Content starts

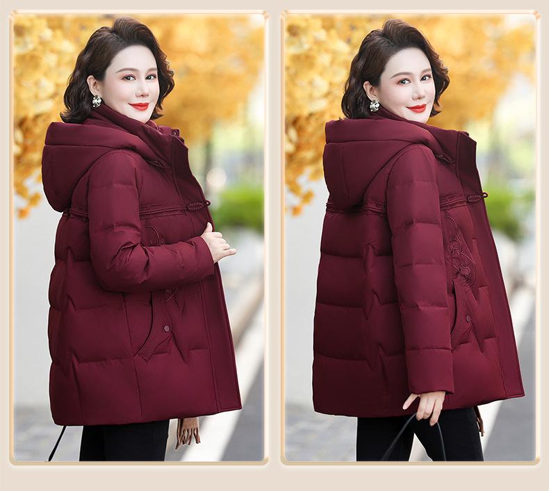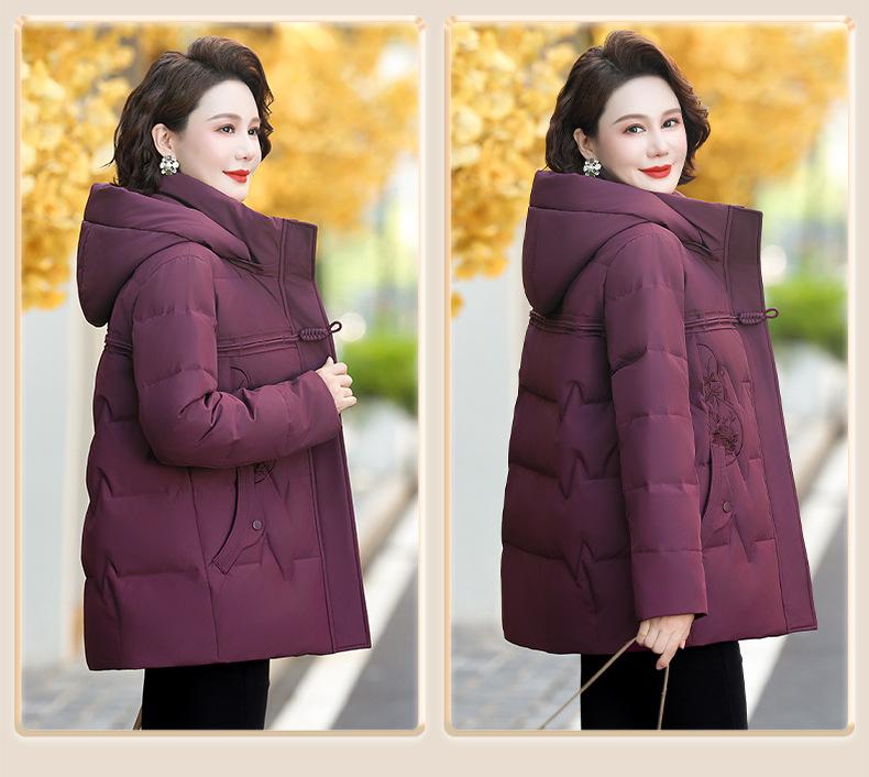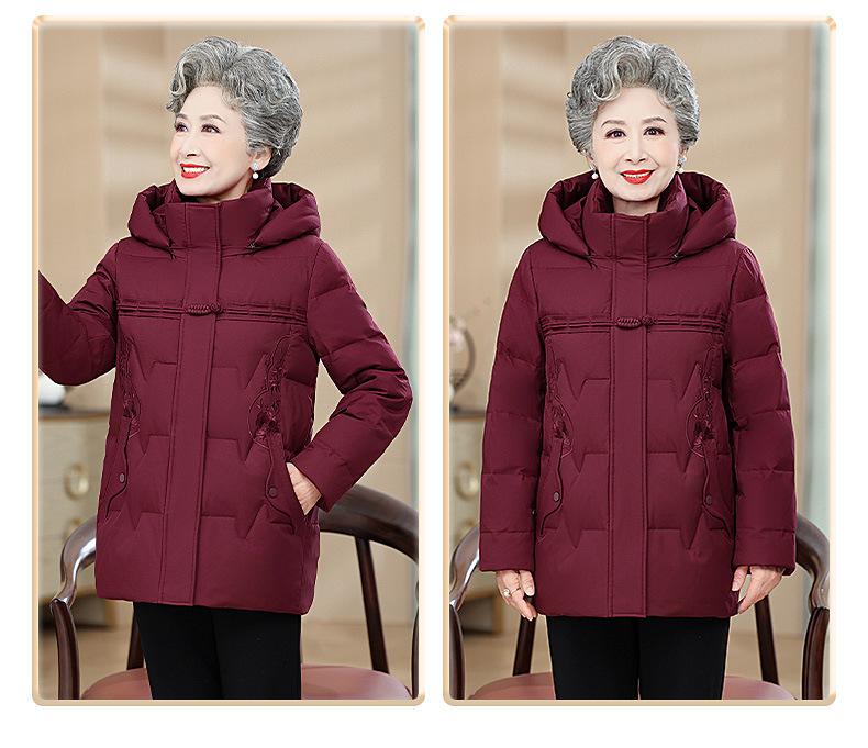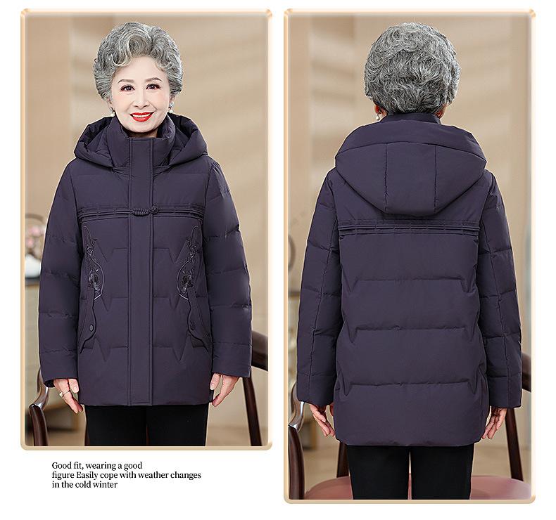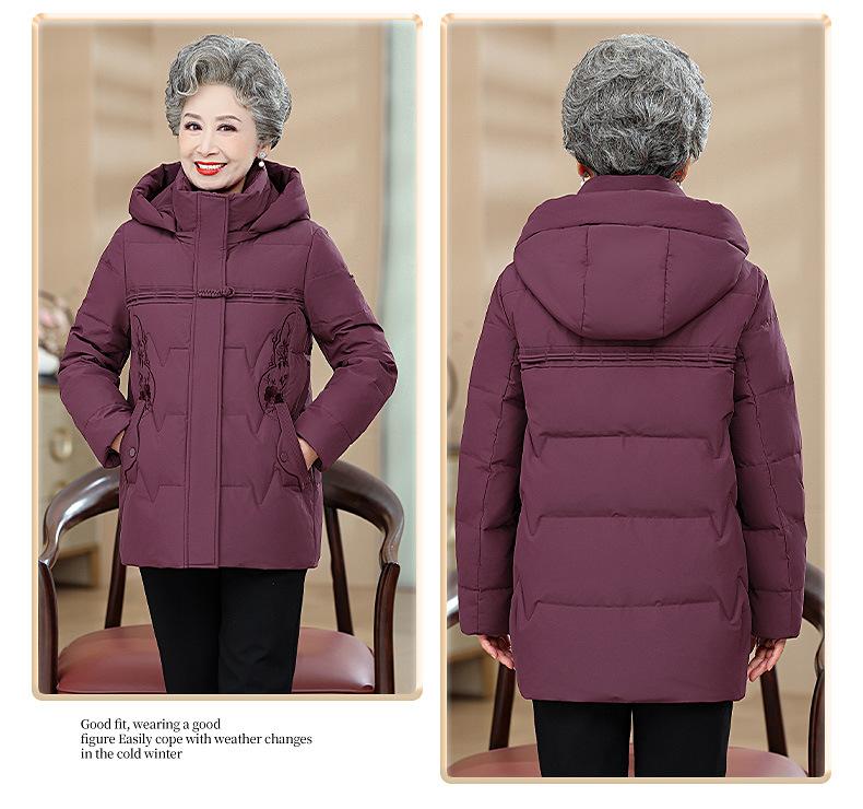 Chamarra de Plumas para Mujer Invierno Nuevo de Madre 2024 Engrosada con Capucha para Mujeres de Mediana Edad y Adultas Mayores Abrigo a Prueba de Frío de Plumón de Pato para Mujer
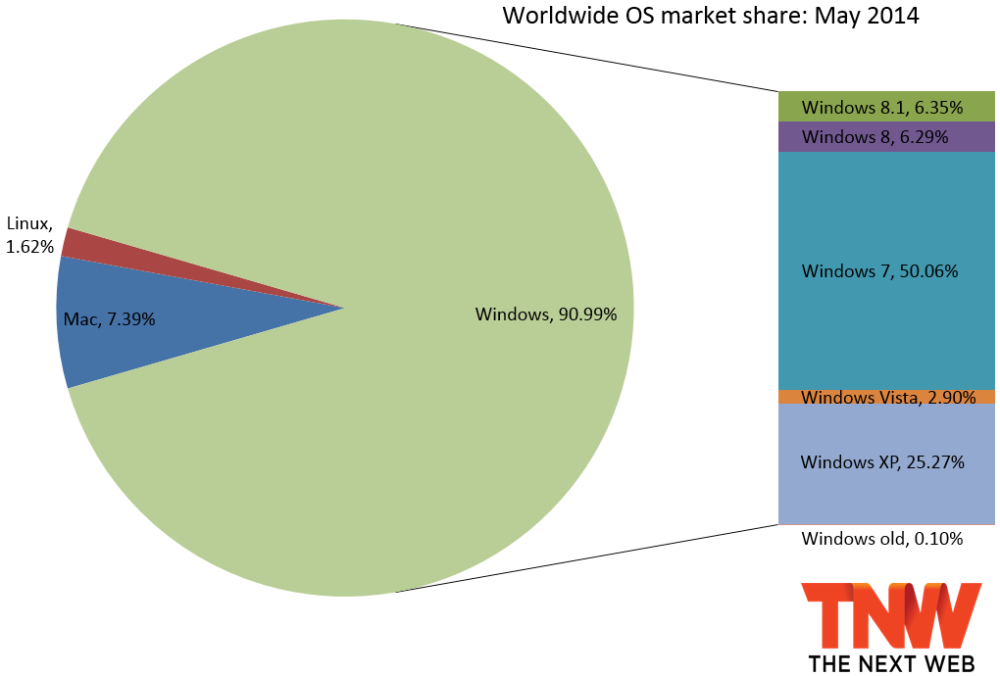 Det billede har betydet, at Windows 8.1 nu for første gang har en større markedsandel end Windows 8 på verdensplan.
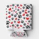 Random Dog Paw Prints And Red Hearts Can Cooler
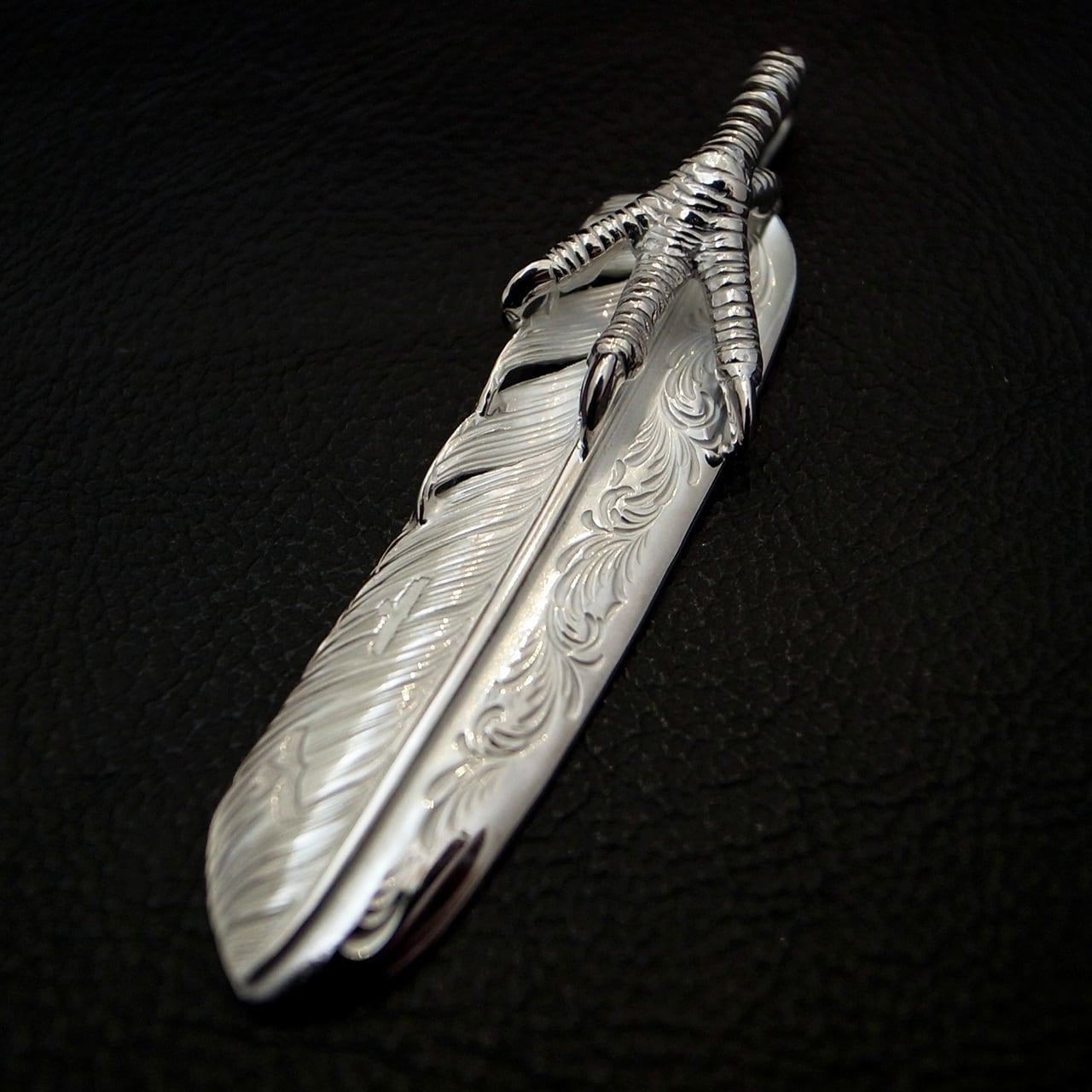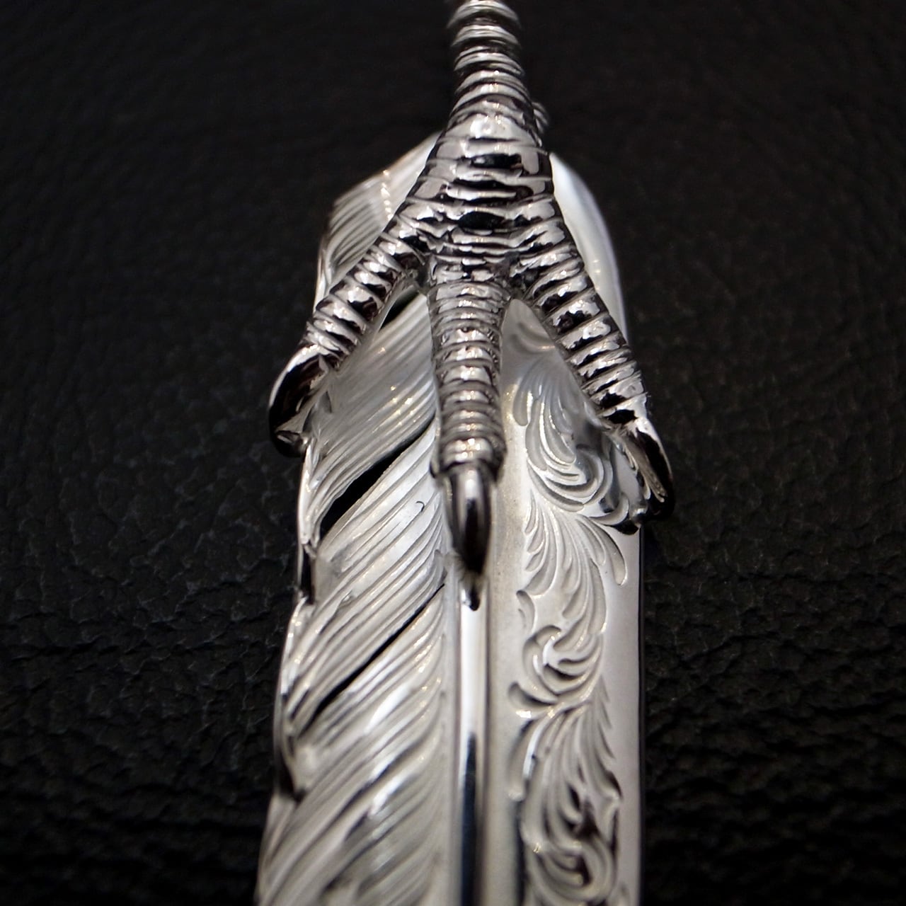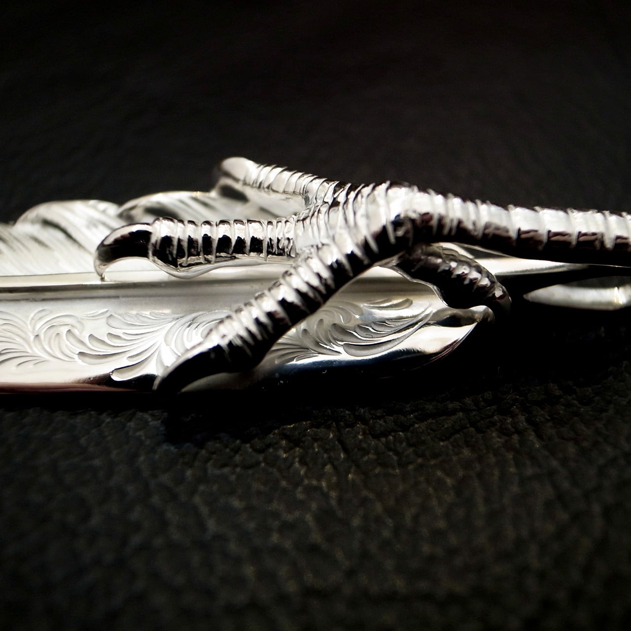 アラベスク彫りが施された、L サイズのフライトフェザー02をベースに、イーグルクローを配置した美しさとインパクトを兼ね備えた一枚。美しい彫金と細やかな作り込みが魅力的です。
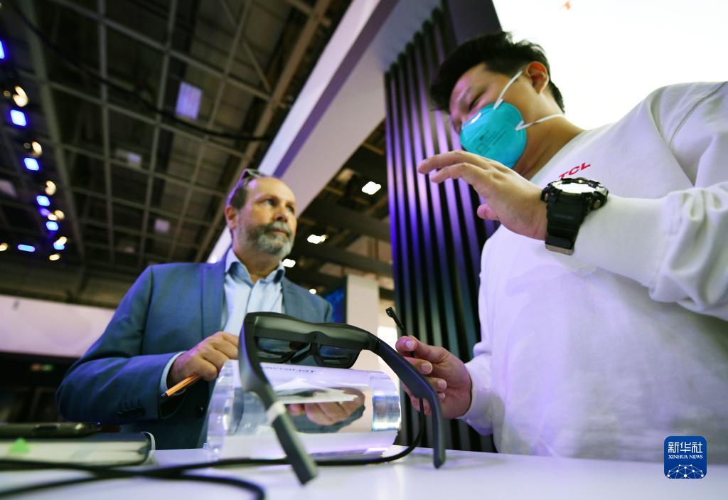 9月2日,在德國柏林國際消費電子展TCL展區,工作人員(右)向參觀(guān)者介紹一款智能穿戴設備。
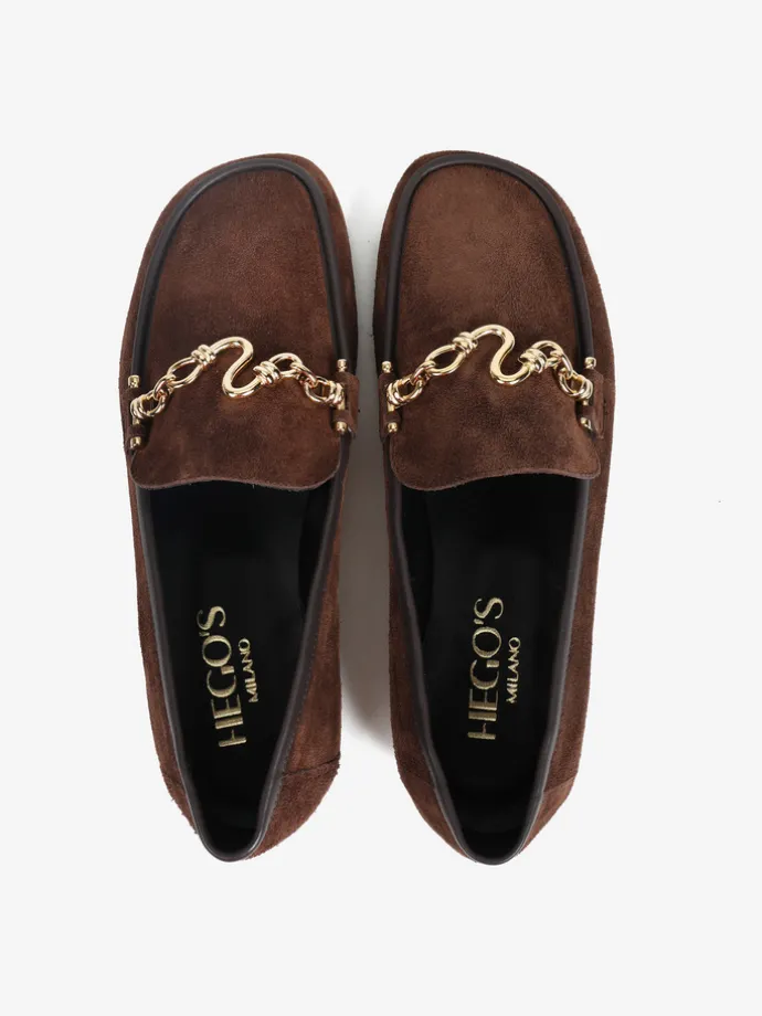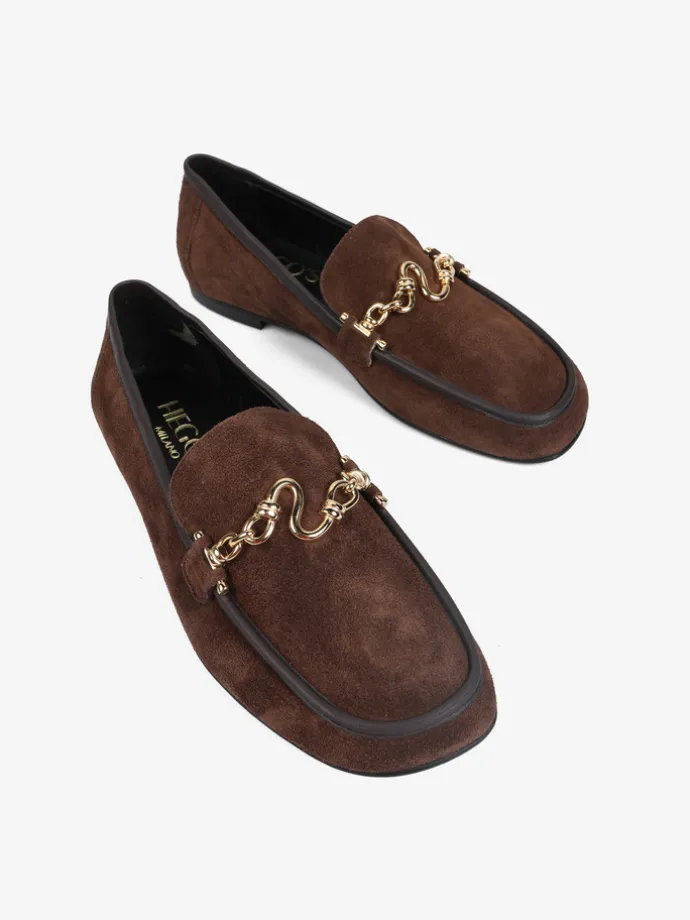 Zamszowe mokasyny z asymetrycznym noskiem i biżuteryjną aplikacją.

Content ends

EXERCISE
The last line of the entries marks the end, and the line with "アラベスク彫りが施された、L" marks the start. Output exactly those two lines and every line between them, nothing else, with the pictures left out.

ANSWER SPACE
 アラベスク彫りが施された、L サイズのフライトフェザー02をベースに、イーグルクローを配置した美しさとインパクトを兼ね備えた一枚。美しい彫金と細やかな作り込みが魅力的です。
 9月2日,在德國柏林國際消費電子展TCL展區,工作人員(右)向參觀(guān)者介紹一款智能穿戴設備。
 Zamszowe mokasyny z asymetrycznym noskiem i biżuteryjną aplikacją.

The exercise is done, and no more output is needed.